The remaining ten specially serviced loans are secured by a mix of property
types. Moody's estimates an aggregate $103.7 million
loss for the specially serviced loans (46% expected loss on average).
Moody's has assumed a high default probability for six poorly performing
loans, constituting 9.8% of the pool, and has
estimated an aggregate loss of $16.2 million (a 15%
expected loss based on a 50% probability default) from these troubled
loans.
Moody's received full year 2015 operating results for 88% of the
pool, and full or partial year 2016 operating results for 58%
of the pool. Moody's weighted average conduit LTV is 94.3%,
compared to 97.3% at Moody's last review. Moody's
conduit component excludes loans with structured credit assessments,
defeased and CTL loans, and specially serviced and troubled loans.
Moody's net cash flow (NCF) reflects a weighted average haircut
of 10.8% to the most recently available net operating income
(NOI). Moody's value reflects a weighted average capitalization
rate of 9.7%.
Moody's actual and stressed conduit DSCRs are 1.49X and 1.25X,
respectively, compared to 1.58X and 1.34X at the last
review. Moody's actual DSCR is based on Moody's NCF
and the loan's actual debt service. Moody's stressed
DSCR is based on Moody's NCF and a 9.25% stress rate
the agency applied to the loan balance.
The top three conduit loans represent 13.6% of the pool
balance. The largest loan is the Ashford Hospitality Pool 5 Loan
($149.4 million -- 13.6% of the pool),
which is secured by a portfolio of five hotels, including three
Marriott-flagged hotels in New Jersey, Texas, and North
Carolina, a Sheraton-flagged hotel in Pennsylvania,
and an Embassy Suites-flagged hotel in Arizona. Financial
performance has improved since last review with an increase in occupancy
and revenue per available room (RevPAR). Occupancy and RevPAR for
the trailing twelve months ending June 2016 were 73.97%
and $111.51, compared to the occupancy and RevPar
for the trailing twelve months ending August 2015 of 70% and $108.

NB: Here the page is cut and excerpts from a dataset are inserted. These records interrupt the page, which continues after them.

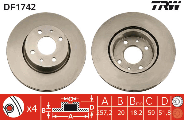 Dodatkowe informacje o produkcie Tarcza hamulcowa DF1742 TRW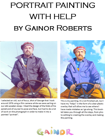 I was incredibly lucky to have studied with two portrait painters who were considered to be among the top artists of their generation; Robert Brackman and Aaron Shikler. I learned so much from both of them, and at one time, when people wanted painted portraits and not photographs, I was able to do quite a few. Since 911 and our unstable economy who can afford it? Time and money are scarce these days. But I found myself missing the challenge of portrait painting and so I decided to teach it, and forget about commissions. I wrote this booklet for my class, using digital photography and a clear plastic overlay as the “helps”.
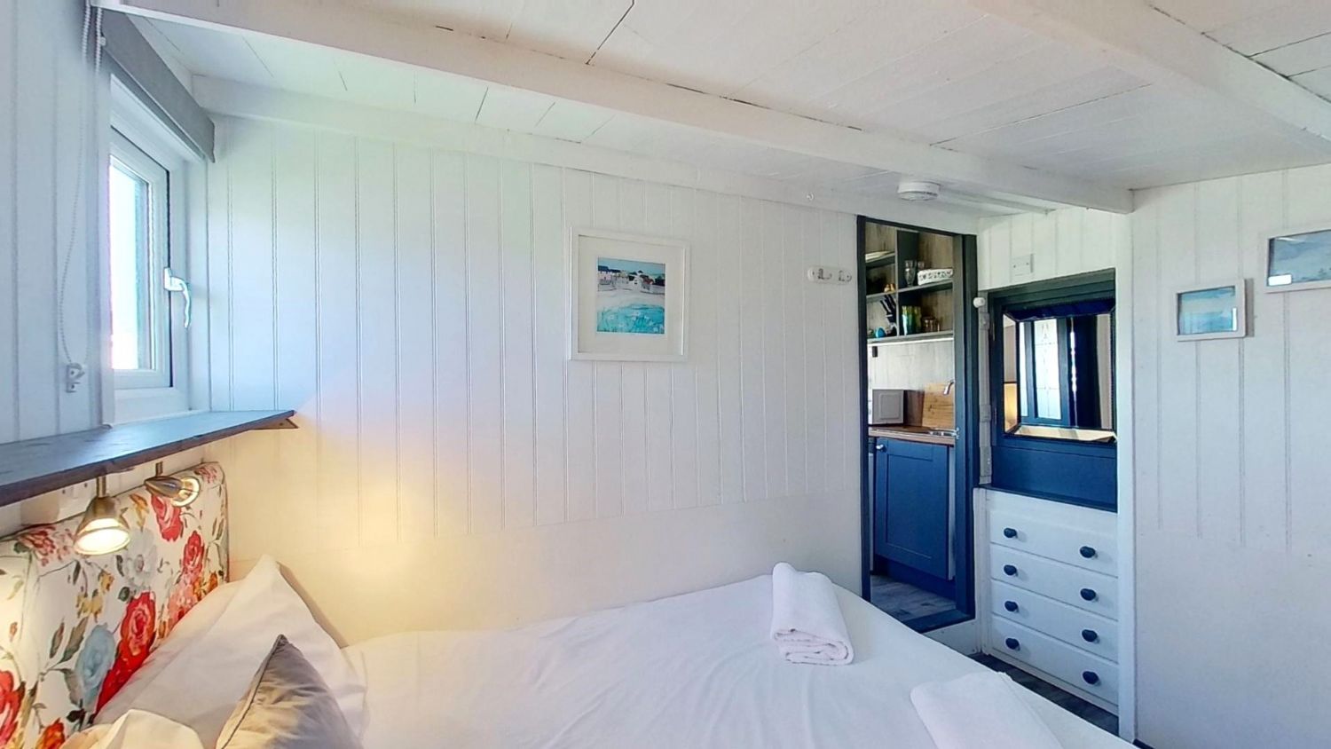Refurbished to a high standard throughout, with an en-suite shower room and underfloor heating, a well equipped kitchen and living space, Roskear has become a characterful, historic and modern beach chalet!

Moody's was informed that the current borrowers for the Ashford
Hospitality Pool 5 loan have elected to defease the loan with US Government
Securities and on August 19, 2016 disseminated the following press
release: https://www.moodys.com/research/Moodys-WBCMT-2007-C34-Ratings-Unaffected-by-Proposed-Defeasance-of--PR_353897
The second largest loan is the Integrated Health Campus Loan ($55.2
million -- 5.0% of the pool), which is secured
by a 302,000 square foot (SF) medical office property located in
the Allentown-Bethlehem, Pennsylvania area. As per
the March 2016 rent roll the property was 91.8% occupied,
compared to 100% leased as of June 2015. Moody's LTV and
stressed DSCR are 105.9% and 0.92X, respectively,
compared to 108.8% and 0.89X at the last review.
The third largest loan is a retail and industrial portfolio loan,
originally known as the Cole REIT Portfolio Loan ($46.6
million -- 4.2% of the pool), which is secured
by a 512,000 square foot (SF) portfolio of fourteen cross-collateralized
and cross-defaulted loans secured by fourteen single-tenant
properties across eleven states. Spirit Realty is now the sponsor
after merging with Cole Credit Property Trust II in July 2013.
The largest tenant is Sam's Club (135,000 SF; 26% NRA)
occupying one location in Anderson, South Carolina. The second
largest tenant is Wal-Mart (93,000 SF; 18% NRA)
occupying two locations in New London, Wisconsin and Spencer,
Indiana. The third largest tenant is Ashley Furniture (75,000
SF; 15% NRA) occupying one location in Amarillo, Texas.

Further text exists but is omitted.